Consultation 021 - Episodic Care

Consultation on this standard is now closed. Please email consultation@cpsa.ab.ca if you have any questions.

Feedback we received

Earl A. D. Campbell
24-09-2021
Physician

Under section 1.2b the proposal is written to say that the information from the episodic visit with a new provider must be sent to the patient's primary care provider. There should be an exclusion added to this to allow for a patient too decline this option because sometimes, a patient may not want the information to make its way back to that patient's primary care physician. An easy scenario to imagine is a time when a patient is dissatisfied with the advice or care that he or she is receiving from a primary care physician and is seeking a new doctor or possibly a second opinion from another physician to verify the accuracy of care which is being provided.

Iftikhar Ahmad
18-10-2021
Physician

In Episodic Care understanding of a patient and documentation is very important for follow up and continuity of care.

Dr. Ash Jaffer
18-10-2021
Physician

Agree with Dr. Campbell. We had this same conversation a few years ago with our local PCN, who demanded communication with the family physicians from the episodic care and ultimately made the funding dependent on this communication.
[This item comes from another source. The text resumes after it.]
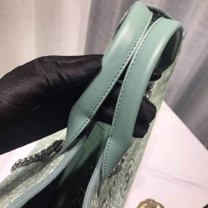 Introducing the stunning Replica Chanel Deauville Tote 38Cm Canvas Bag A66941 in the refreshing color of Fig Green. With its generous size of 38 x 31 x 21 cm. this tote bag is a must-have for any fashion enthusiast.

MANY patients attend walk-in/episodic care because they do NOT want to see their family physician for either privacy reasons, for second opinions or they do not trust their opinions. While communicating with the patient's family physician is sometimes helpful for continuity of care, the feedback may be negatively received, and ultimately it is up to the patient, not us or the CPSA to dictate where a patient's private medical information is shared.

Noel Corser
18-10-2021
Physician

Although applicable to consultants, if the patient declines to have me share my walk-in clinic or ER encounter record with their primary care provider, I'm not sure that a requirement that I must "inform the primary care provider when information has been withheld" makes sense? Presumably the patient doesn't want their regular doc to know they saw me instead? I wonder if that could end up in court - perhaps CPSA legal counsel should take a second look at it?

It might also save future headaches to look into how such information flows are structured within Connect Care (e.g. ER notes automatically routing to docs, After-Visit Summaries and other information automatically routing to patient portals), to help align this CPSA standard with those mechanics, if possible, rather than having to change one or the other shortly?